David Zwirner is pleased to present Afro Margin, an exhibition of eight pencil drawings by Chris Ofili. This is the artist's second exhibition at the gallery. His 2007 debut, Devil's Pie, was an expansive exhibition uniting his work in painting, sculpture, printmaking, and graphite drawing.
To accompany the exhibition, Radius Books/David Zwirner will publish Chris Ofili: Afro Margin, a limited edition catalogue of 500, signed and numbered by the artist. The catalogue includes a poem by Inua Ellams, a poet, writer, teacher, and performer based in London and an essay by Cameron Shaw, a New Yorkbased writer.

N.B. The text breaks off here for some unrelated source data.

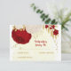Romantic dark red & white flowers with gold leaves botanical wedding response card.
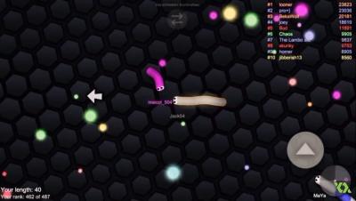 Una de las ventajas de Slither.io es que es un título muy fácil de jugar con controles simples, sencillos y accesibles. Es un entretenimiento para todas las edades. Después de comenzar el juego, debemos escoger un apodo inventado, que será visible sobre nosotros en la partida. La app de Lowtech Studios, creada en 2016, es un juego en línea donde pondremos a prueba nuestras fortalezas y habilidades con otros usuarios reales de todo el mundo. Luego de ingresar el nombre ficticio que nos representa, somos transferidos al tablero. El lugar donde se desarrolla la acción es un mapa negro con bolas de colores dispersas en diferentes lugares. El punto central de todo esto será controlar a una pequeña serpiente, que puede tener varias máscaras. La tarea básica es mover nuestra serpiente a lo largo y ancho del mapa, lo que se puede hacer de una manera muy simple. Como dijimos, los controles y el manejo de nuestra figura es muy sencillo, podremos hacerlo con tener tan solo un mouse, porque nuestro alargado amigo siempre seguirá nuestro cursor. El control parece muy simple, pero pronto notaremos que requerirá mucha habilidad y que nos encontremos concentrados. Al controlar nuestro personaje, podemos recoger puntos coloridos en el tablero.
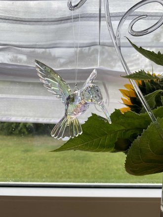 Außerdem habe ich noch den hübschen Glaskolibri, den ich mir in unser örtliches Haushaltswarengeschäft bestellt hatte, abgeholt.
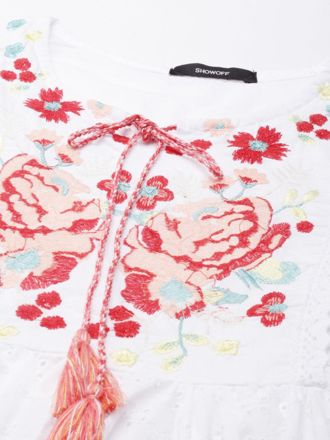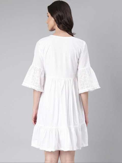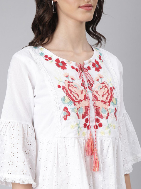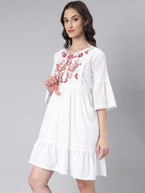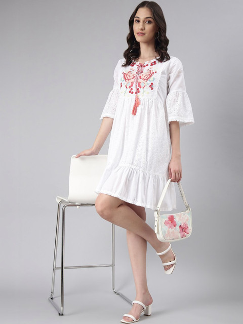 - White and white floral embroidered a-line dress
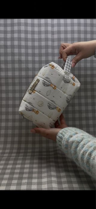 Neceser artesanal hecho a mano con mucho mimo 🤍 Ideal para llevar pañales, toallitas, productos de bebé o usar como neceser de viaje. Tamaño S-M ✨ Hecho con telas de calidad ✨ Acolchado y resistente ✨ Cremallera y asa lateral ✨ Pieza única, no hay dos iguales. Un lado de cuadros vichy grises y el otro del estampado que sale en la imagen. Perfecto como regalo de nacimiento, baby shower o para darte un capricho bonito y práctico. Si te interesa o quieres ver más modelos, escríbeme sin compromiso 😊
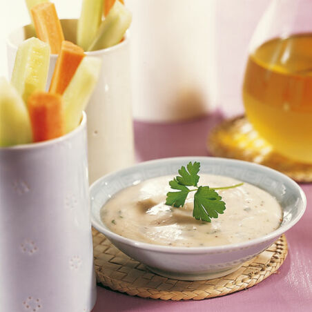 Knoblauch mit der Messerspitze aus den Häuten lösen und mit der Sahne im Mixer fein pürieren. Entweder im Topf noch einmal kurz erwärmen und mit Salz, Pfeffer und Zitronensaft abschmecken. Oder gleich abschmecken und lauwarm oder kalt essen.
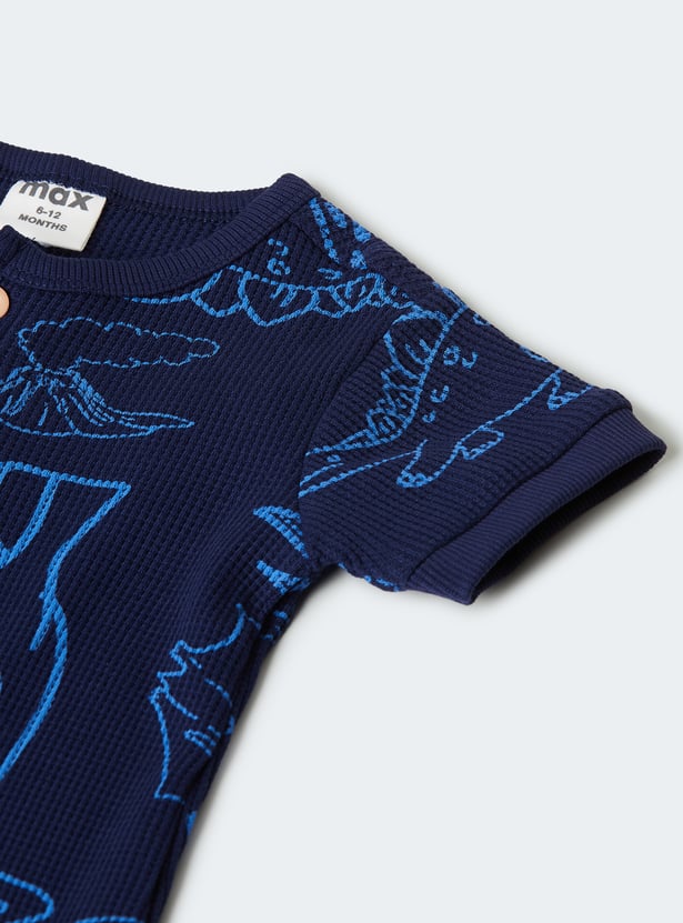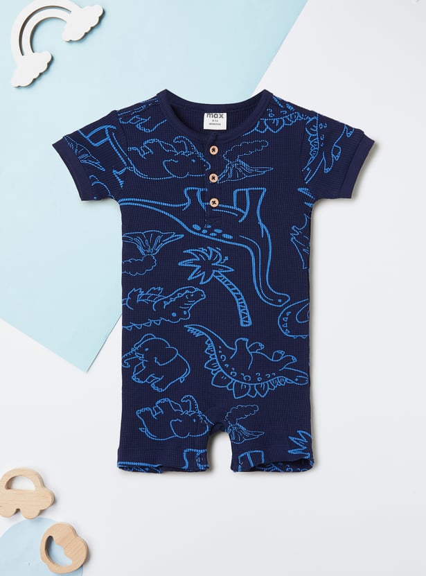 These printed rompers are the perfect mix of adorable and practical! Featuring a crew neck and half sleeves, they keep your little one comfy and stylish. The button closure near the diaper area makes changing quick and easy, while the cute print adds a fun touch to their outfit!
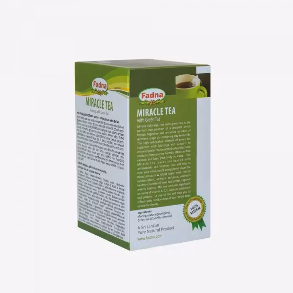 Miracle-te – Moringa med grönt te är en kraftfull antioxidant som kan rensa bort toxiner från kroppen och bibehålla kroppens systemfunktioner på en optimal nivå. Denna fantastiska skönhetsbooster skyddar kroppen från skador orsakade av fria radikaler och hämmar onaturlig celltillväxt. Regelbunden konsumtion kommer att minska risken för hjärt-kärlsjukdomar och öka ämnesomsättningen.
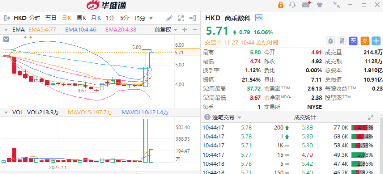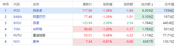 其他中概股方面,尚乘数科涨超16%,前一交易日该股暴涨23%;亿航智能涨超6%,公司三季度总收入为2860万元,同比增长247.9%
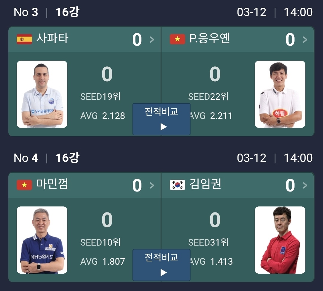 오후 2시에는 다비드 사파타와 P.응우옌, 마민껌과 김임권 경기가 열립니다. 사파타와 P.응우옌 경기는 수치상 가장 화끈한 카드로 볼 만합니다. 예선 평균만 놓고 봐도 두 선수 모두 공격 흐름이 좋아 초반부터 빠른 템포가 나올 가능성이 큽니다.

Begun in 2004, while Ofili was still living in London, the Afro Margin series continued after he moved to Trinidad in 2005, and was finally completed in 2007. Known primarily for his bold, large-scale paintings, these intimate drawings reveal Ofili to be a master draughtsman. In this exquisite series, Ofili employs his distinguished "afro heads," a signature motif he began working with in the early 1990s. Here the "margin"–created by darkened "afro heads" piled vertically into columns and varying in size–suggests gothic towers and aboriginal totems. With each work, Ofili started by consciously considering the width of the column, discovering and breaking the tension of the blank page. As the series progressed, conceptions of blackness also figured as a way to understand the margin. Moving transformed this idea, as he left a metropolitan center–London–for a place on the fringe of cultural activity–Trinidad. Formally, however, the series was not affected by the changes in the landscape. Unlike much of his other work, he tried to confine the relationship to the structure of the idea. As Cameron Shaw states in the catalogue essay, "Ultimately, the significance is in the arrangement . . . Like an automatic drawing, notebook doodle, or physical meditation, his intention was to disappear into the action, while simply maintaining awareness of its natural direction."